-- Work order --
Given the records below, would you repeat exactly the lines that begin at the one containing "Рубенс – признанный мастер портрета." and end at the one containing "L'association Paysages de", inclusive?

-- Given data --

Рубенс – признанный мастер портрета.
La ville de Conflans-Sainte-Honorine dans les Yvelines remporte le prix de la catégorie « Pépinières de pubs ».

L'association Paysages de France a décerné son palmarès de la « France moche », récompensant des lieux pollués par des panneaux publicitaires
...
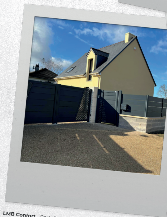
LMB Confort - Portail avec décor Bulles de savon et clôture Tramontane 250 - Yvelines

-- Completed task --
Рубенс – признанный мастер портрета.
La ville de Conflans-Sainte-Honorine dans les Yvelines remporte le prix de la catégorie « Pépinières de pubs ».

L'association Paysages de France a décerné son palmarès de la « France moche », récompensant des lieux pollués par des panneaux publicitaires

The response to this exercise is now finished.